The key to residents of our great state getting more opportunities to thrive economically, is ensuring that Michigan remains business friendly. After all, we cannot expect there to be good jobs in our state, if we are hostile to job creators.
State Rep. Gary Glenn (R-Williams Township), a proven legislature who has worked hard to move Michigan forward, and is a decent man. However, his recent comments comparing Consumers Energy – the utility company — to “terrorists” that he would like to “shoot” are not reflective of what he nor our Republican Party stands for. The Representative’s frustration over a policy fight resulted in this unfortunate attack on an industry that employs thousands across our state.
Towards this end, I want to applaud Michigan Chamber President & CEO Richard Studley for working to ensure that Michigan’s arena of public discourse remains one that encourages vigorous discussion, respects differences of opinion and honors free speech. His response to Representative Glenn’s comments were on point: “Every employer, regardless of size or type of business, has the right to participate in Michigan’s legislative process and should be treated with courtesy and respect.”
One part of Representative Glenn’s disagreement with the utilities, is his plan to give consumers more choices on where to get their electricity. Albeit well intended, this approach was tried in Massachusetts and the Attorney General in that state recently called for the program to be cancelled because it was rife with fraud and abuse. At a press conference on the matter, the Attorney General stated: “Competitive electric suppliers promise big energy savings but are actually burdening customers with hundreds of dollars in extra costs…In two years, Massachusetts residents lost over $176 million to these predatory companies. I’m calling for an end to this industry because that’s the best way to protect our seniors, low-income residents, and minority communities from these persistent scams.”
On the flip side of Representative Glenn, there is some good news for our state’s economy.
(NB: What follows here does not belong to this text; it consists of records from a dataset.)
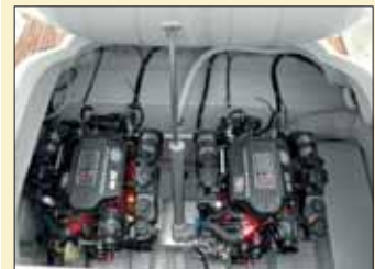
Al levantar toda la tapa que cubre el solárium de popa, accederemos a la instalación de los dos motores Volvo 4.3 de 225 CV cada uno.
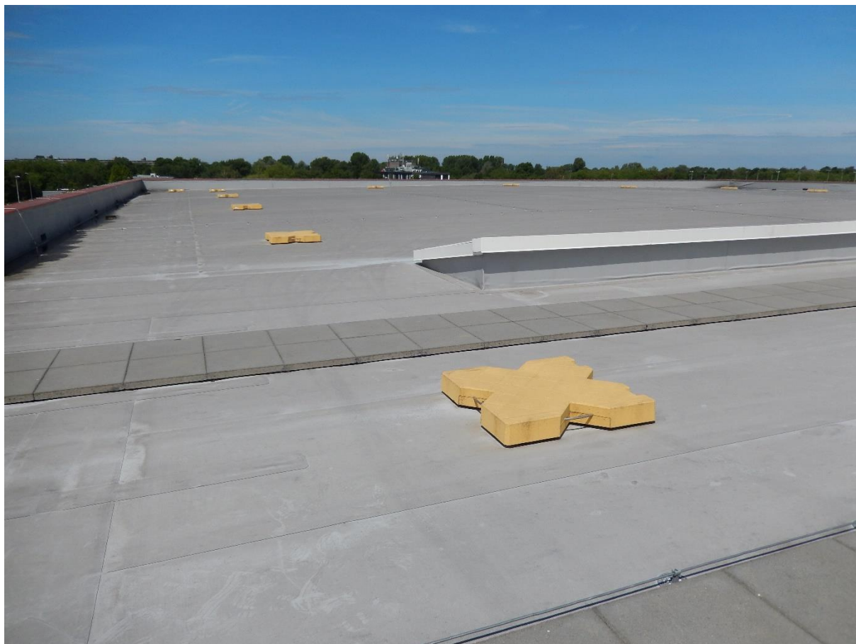
Figuur 2 – Deel van het hoge dak van sporthal De Beuk, waar de zonnepanelen komen te liggen.
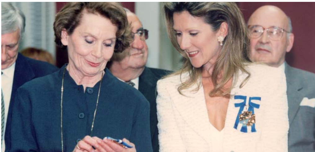
Françoise Faucher, O.Q., et Céline Dion, O.Q.
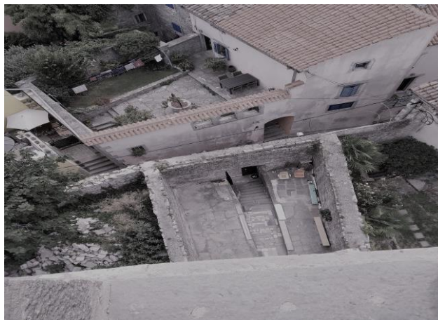
Ostaci crkve svetog Justa (pogled sa zvonika)

Izvor: Vlastiti izvor (06. rujan, 2019.)
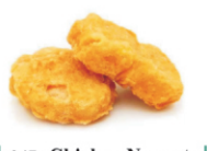
247-Chicken Nuggets /kipnuggets 3st
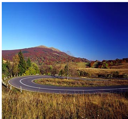
Wielka Pętla Bieszczadzka
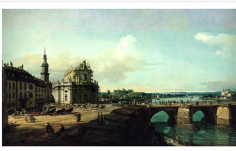
La Hofkirche di Dresda con il castello e il ponte di Augusto
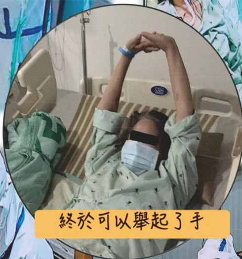
終於可以舉起了手
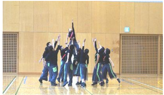
教員作品「LINE～それって本当につながってるの？」

午後には、連盟創立60周年の記念エキシビションとして若手教員による創作ダンス作品、日本体育大学伝統芸能コースの学生さんによるエイサーの演技が披露され、その後5人の講師の先生方から授業の現場で活用できる内容を教えていただき、皆さん熱心に研修されていました。
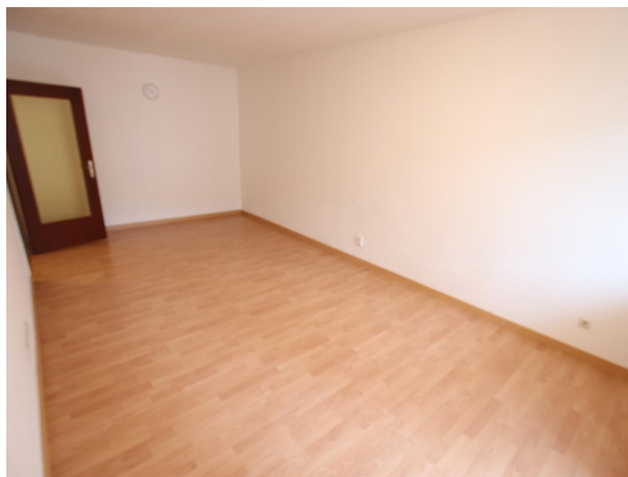
Garconniere mit Loggia & Garage am Neptunweg in Uni- und Wörthersee Lage
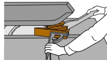
Rys. 2. Popychacze
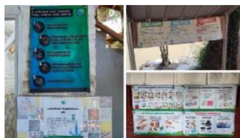
Gambar 2. Papan Informasi Edukatif pada Fitur-fitur Sekolah

Dimensi TGB di Sekolah Alam Bandung dijelaskan berdasarkan data observasi lapangan dan hasil wawancara kepada kepala bidang sarana dan prasarana sekolah. Pada dimensi “Informasi Faktual” (IF), Sekolah Alam Bandung telah berupaya menghadirkan berbagai media informasi yang mendukung pemahaman siswa terhadap lingkungan (Gambar 2). Elemen ini banyak ditemukan di titik-titik strategis dekat dengan fitur-fitur ramah lingkungan di sekolah. Beberapa pesan seperti imbauan cara mencuci tangan di dekat toilet atau panduan memilah sampah di area Tempat Pembuangan Sampah “ Reuse, Reduce, Recycle ” (TPS3R) terlihat jelas dan mudah dibaca.
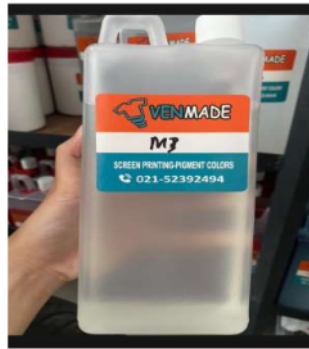
Gambar 16. Cairan M3

Setelah proses sablon selesai, alat pembersih seperti spatula, cairan pembersih khusus, dan air digunakan untuk membersihkan bingkai sablon, rakel, dan alat lainnya dari sisa tinta. Kebersihan alat sablon adalah kunci untuk mempertahankan kualitas sablon dan menghindari masalah dalam produksi berikutnya. Memahami fungsi dan cara kerja dari setiap alat dalam sablon manual adalah langkah awal yang penting bagi siapa saja yang ingin menguasai teknik sablon manual. Dengan alat yang tepat dan keterampilan yang terasah, sablon manual bisa menghasilkan produk sablon berkualitas tinggi dengan sentuhan personal yang kuat.
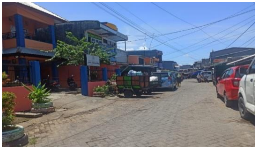
Situasi Depan Kantor Lurah Tabaringan

Memperlihatkan situasi permukiman rumah dinas Tabaringan Luar Kelurahan Totaka yang dibangun sekitar tahun 1962.
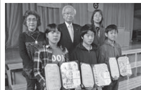
入新井第一小学校 受賞者の皆様
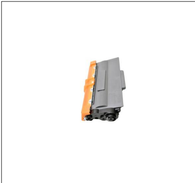
CÔTÉ GAUCHE CARTOUCHE
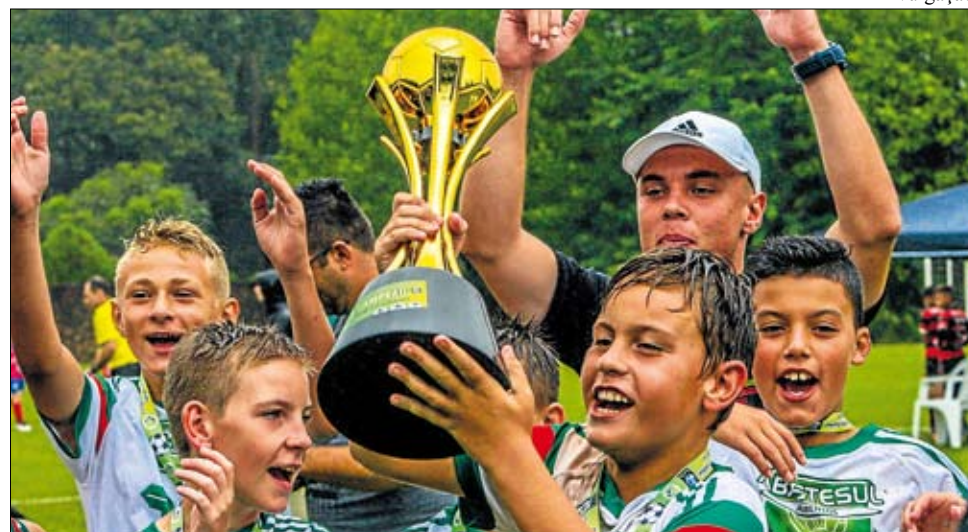
Com muita alegria, jogadores comemoram mais uma conquista
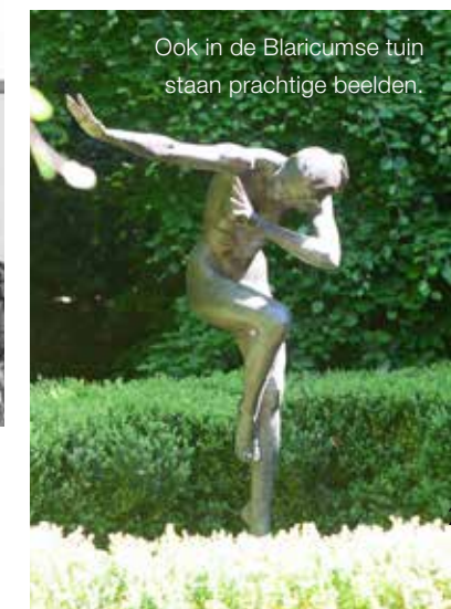
Ook in de Blaricumse tuin staan prachtige beelden.
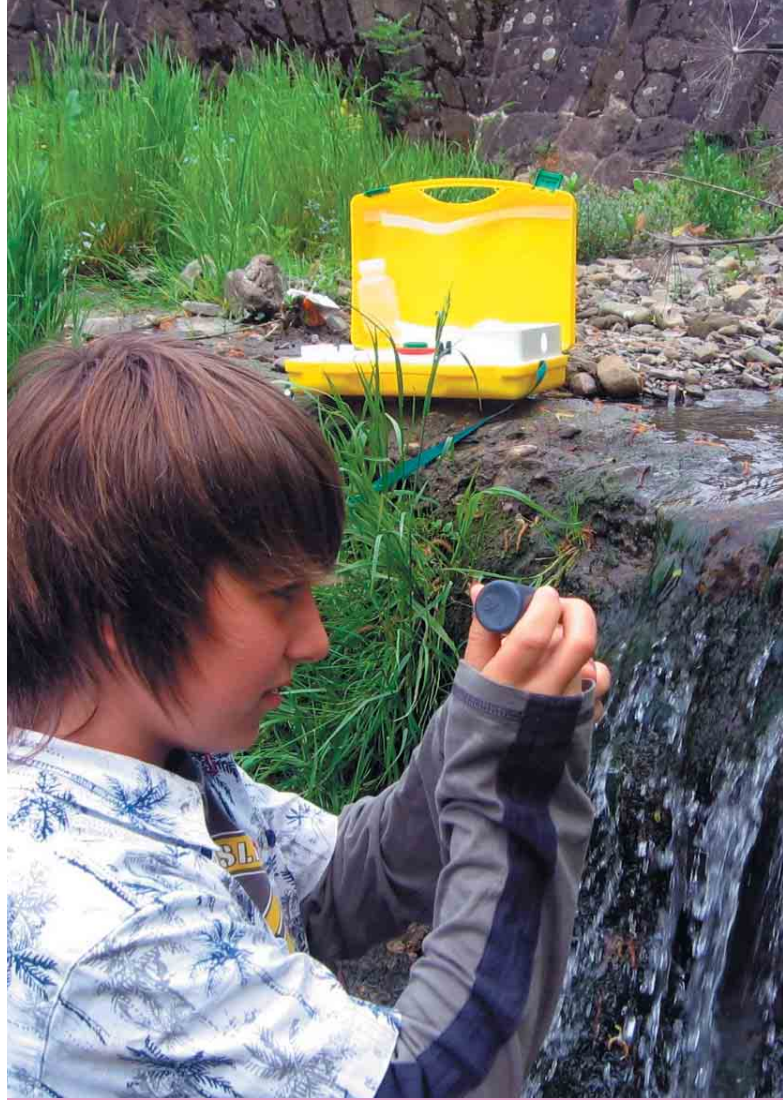
Szkoła Podstawowa nr 2 w Mszanie Dolnej

Program Zaadoptuj rzekę dofinansowany był ze środków Narodowego Funduszu Ochrony Środowiska i Gospodarki Wodnej oraz WFOŚiGW w Katowicach.
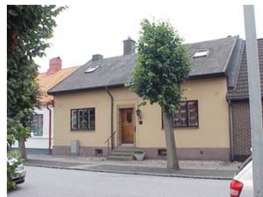
HAAK N. 3 A från NV
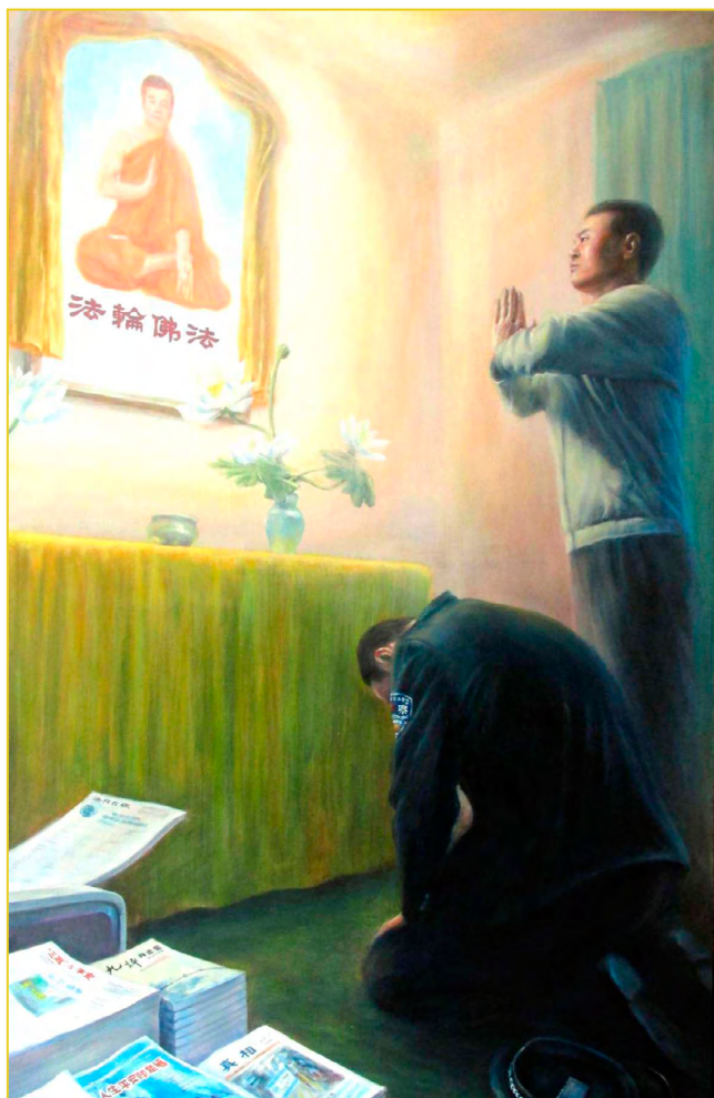
作者：中国西北地区法轮功学员 归真
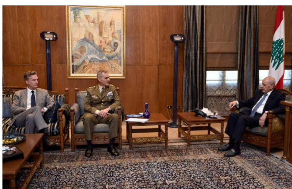
פגישת מפקד יוניפי"ל עם נביה ברי (NBN, 9 ביולי 2024)

◀ "מקורות דיפלומטיים" מסרו כי הושלמה הכנת הטייטה להארכת מנדט יוניפי"ל, שיסתיים ב-30 ביולי 2024, וכי היא תועבר ללשכת מזכ"ל האו"ם. לפי "המקורות", הטייטה דומה לנוסח ההצעה שאושרה בשנה שעברה וכי לא הוגשה שום בקשה ממדינה כלשהי לתיקון הנוסח או להכנסת שינויים בסמכויות יוניפי"ל. עוד נמסר כי הדיון במועצת הביטחון של האו"ם על החלטה 1701 צפוי להתקיים ב-24 ביולי 2024 (אלמדן, 11 ביולי 2024). ◀ ראש ממשלת המעבר בלבנון, נג'יב מיקאטי, נועד עם מפקד יוניפי"ל, ארולדו לזארו, ודן עמו במצב בקו הכחול, בשיתוף הפעולה בין צבא לבנון וכוחות יוניפי"ל ובהחלטה 1701 (אלנשרה, 9 ביולי 2024). ◀ מפקד יוניפי"ל, ארולדו לזארו, נועד עם יו"ר הפרלמנט הלבנוני, נביה ברי, ודן עמו במצב בדרום לבנון (NBN, 9 ביולי 2024).
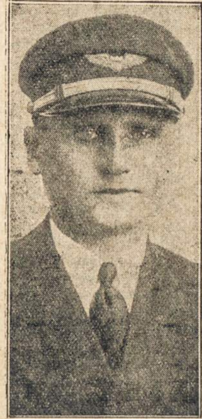
Leit. Stasys Girėnas

1933 metais liepos 15-tą, 6:24 ryto, iš Floyd Bennett aikštės, New Yorke, orlaiviu Lituania kapitonas Steponas Darius ir leit. Stasys Girėnas pasikėlė kelionėn, kad be sustojimo nuskristi į Kauną. Tačiau liepos 17-tą 12:30 nakties Vokietijos miške, netoli Soldino, jiedu su Lituania nukrito žemyn ir žuvo. Viso jiedu per 36 valandas nukrido 4,500 mylių ir iki pačiam Kaunui pasiliko skristi tik 75 mylios. Jų didelis rekordas, atsiektas aviacijos srity, jų misteriskomis miglomis apsupta mirties priežastis, sudomino visą civilizotą pasaulį. Gi lietuvių tauta juodu įrašė į savo didvyrių eiles.
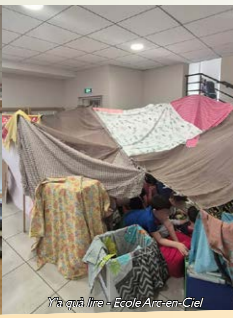
Y'a qu'à lire - Ecole Arc-en-Ciel
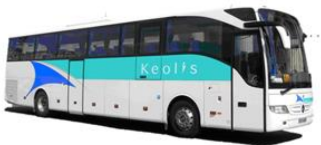
Transports KEOLIS = 385,00 €
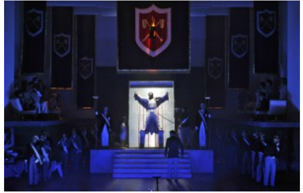
Amfortas – das Opfer: Die Szene der „Gralsenthüllung“ in Thilo Reinhardts Deutung von Wagners „Parsifal“ in Wuppertal.

Der Gral: Amfortas, ein Alt-68er mit wirren langen Haaren, ist das kostbar mit einem priesterlichen Mantel geschmückte Opfer. Einer, der einst einen Fehler gemacht hat. Er wird auf einem Blech wie ein Gekreuzigter montiert. Die ausgestreckten Arme, kunstvoll aufgeritzt, spenden das Blut, das livrierte Pedelle auffangen und den Rittern kredenzen. Die Schüler saufen derweil das Blut, das herabrinnt und sich am unteren Blechrand in einer Rinne sammelt. Ein verstörendes Bild ungenierter Brutalität. Champagner schwebt herab, ein Foto zur Erinnerung beendet das Ritual.

The Ford Motor Company will purchase the Michigan Central Depot — Detroit’s decrepit train station that came to symbolize the downfall of that city’s economy. What’s so important about this purchase by Ford, is that it sends the message to businesses around the country that Michigan is fighting to better itself and the same can-do attitudes which originally made Detroit great are still there. I was particularly pleased to see the Washington Post cover this important story and remain hopeful this will help attract new businesses to our state.
During this year’s Super Bowl, a non-profit group affiliated with Governor Rick Snyder ran an advertisement touting the state’s economic recovery over the last several years and promoting our business-friendly state. This is the type of pro-growth rhetoric we need emanating from our state’s leaders, and why I am supporting Bill Schuette to be the next Governor of Michigan.
In addition to the good news cited in their report, the University of Michigan economic analysis also found that real disposable income growth in our state was “disappointing.” Let’s keep the discourse positive in Michigan, avoid attacks on businesses that offer our residents good paying jobs and celebrate the private sector’s efforts to rebuild our state. I believe we can make our state’s economy great again, and our legislative leaders are key to Michigan’s future. So long as their voices remain respectful, our state’s reputation as a great place to do business will continue to grow and many companies will follow Ford’s example.